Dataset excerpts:

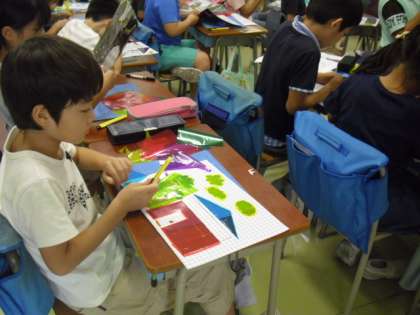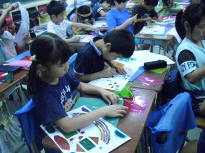 色セロハンを貼って、ステンドグラス調の作品づくりがすすんでいました。
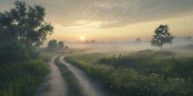 sunrise landscape rural countryside road path mist fog trees morning dawn peaceful serene nature scenic photography calm tranquil quiet field grass green golden hour sun sky light beautiful scenic view natural beauty outdoor environment vista country lane farmland idyllic atmosphere ambiance summer spring autumn winding road perspective horizonSimilar Photos
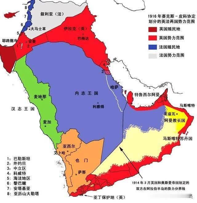 一战结束后,奥斯曼帝国作为战败国惨遭瓜分解体,除了英法等国直接占领的区域外, 原奥斯曼帝国治下的阿拉伯地区,很多家族都有野心,尤以汉志的哈希姆家族和内志的沙特家族为甚。
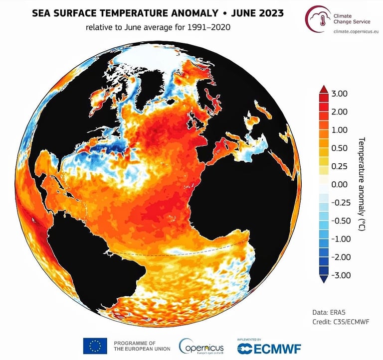 When studying Fig 3, bear in mind the reference value against which the sea surface temperature (SST) is being measured is the 1991-2020 June mean, not pre-industrial, not 1951-80. Climate scientists were anticpating warmer SSTs owing to the developing El Niño in the Pacific Ocean but they were not expecting this:
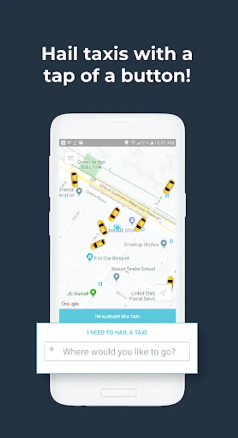 At the bottom of the home screen, tap the box labeled "I NEED TO HAIL A TAXI". Begin entering your destination in the box labeled "Where are you going?" and confirm from the list of destinations provided. You'll receive a fare estimate, route preview, and ETA of the nearest available driver. When you're ready to hail, tap "REQUEST RIDE" at the bottom of the screen to be matched with a driver. When the ride is over, the fare is paid automatically with the card on file or another payment method of your choosing.
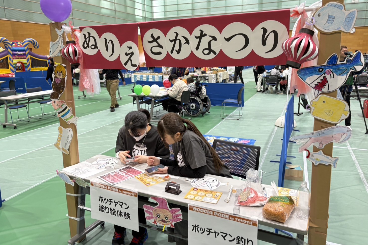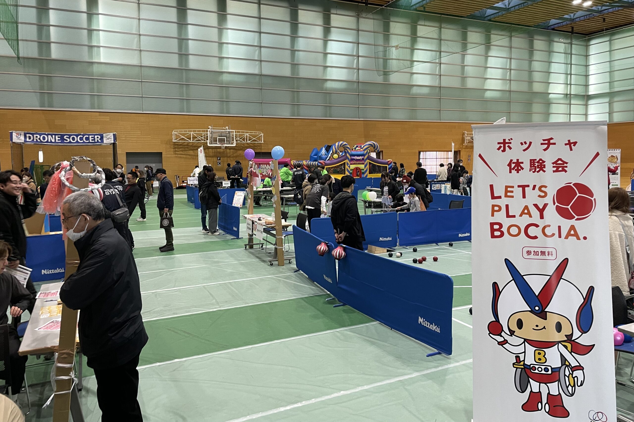 また、サブホールでは多くのアクティビティやスポーツ体験ができる「BOCCIA PARK in TOYOTA」も実施されました。連日、子どもを中心に多数の来場者でにぎわい、大会全体を盛り上げる企画となりました。パラネットは事前準備からサポートに入り、大会当日は学生スタッフや地域ボランティア、県協会の方々と協力し、大会運営を円滑に進めるための一助を担いました。
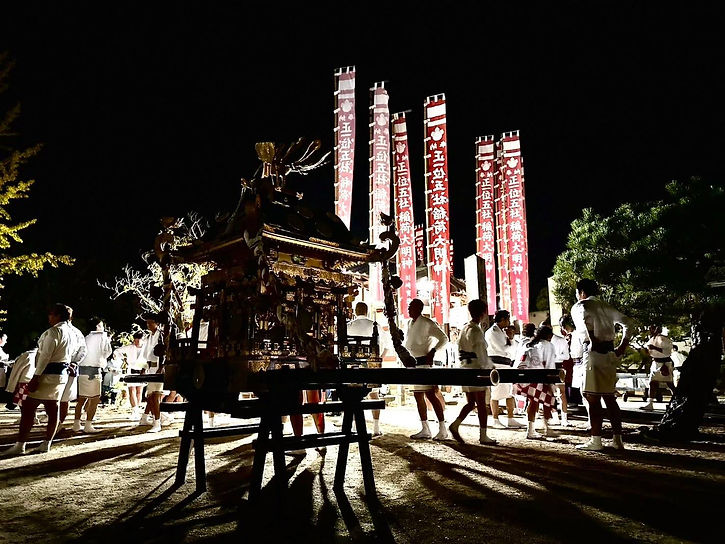その後、十月の二週目に五穀豊穣・氏子・地域の安泰の祭りとして、御神輿にだんじりを追従し、松永各町内を巡行する形で、現在の祭りが行われています。

## WHAT TO DO:
Begin at the line containing "At the bottom of the home" and stop at the last line of the data. Repeat only those lines, exactly, and leave out the pictures.

## ANSWER FOR THE TASK:
 At the bottom of the home screen, tap the box labeled "I NEED TO HAIL A TAXI". Begin entering your destination in the box labeled "Where are you going?" and confirm from the list of destinations provided. You'll receive a fare estimate, route preview, and ETA of the nearest available driver. When you're ready to hail, tap "REQUEST RIDE" at the bottom of the screen to be matched with a driver. When the ride is over, the fare is paid automatically with the card on file or another payment method of your choosing.
 また、サブホールでは多くのアクティビティやスポーツ体験ができる「BOCCIA PARK in TOYOTA」も実施されました。連日、子どもを中心に多数の来場者でにぎわい、大会全体を盛り上げる企画となりました。パラネットは事前準備からサポートに入り、大会当日は学生スタッフや地域ボランティア、県協会の方々と協力し、大会運営を円滑に進めるための一助を担いました。
その後、十月の二週目に五穀豊穣・氏子・地域の安泰の祭りとして、御神輿にだんじりを追従し、松永各町内を巡行する形で、現在の祭りが行われています。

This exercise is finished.